## [Data section]
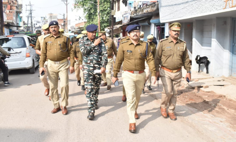 – एसपी ने पुलिस बल और सीआरपीएफ के साथ किया शहर में फ्लैग मार्च
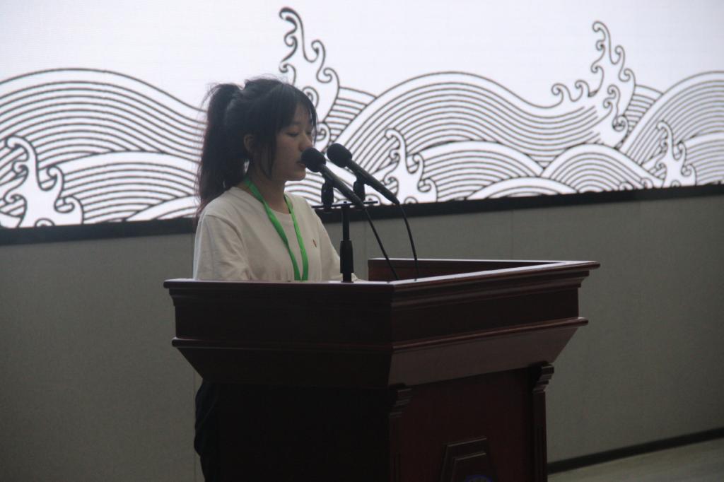图为第四期“鸿雁”团学骨干孵化器启动仪式员工骨干代表主席团成员蒋亚雯同学发言
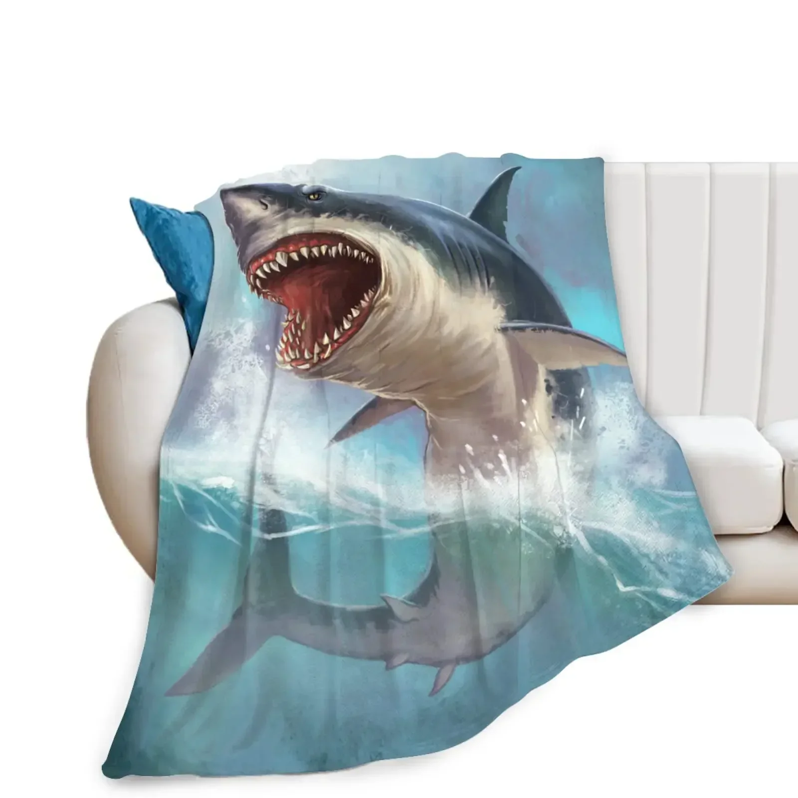 Deep Sea Shark Blanket Comfort Warmth Soft Cozy Easy Care Machine Wash Black Throw Blanket Quilt for Sofa Bed Home Decor Gifts

## [About this task]
An exact transcription of the listing is required, and it must contain no pictures.

## [Response to this exercise]
 – एसपी ने पुलिस बल और सीआरपीएफ के साथ किया शहर में फ्लैग मार्च
图为第四期“鸿雁”团学骨干孵化器启动仪式员工骨干代表主席团成员蒋亚雯同学发言
 Deep Sea Shark Blanket Comfort Warmth Soft Cozy Easy Care Machine Wash Black Throw Blanket Quilt for Sofa Bed Home Decor Gifts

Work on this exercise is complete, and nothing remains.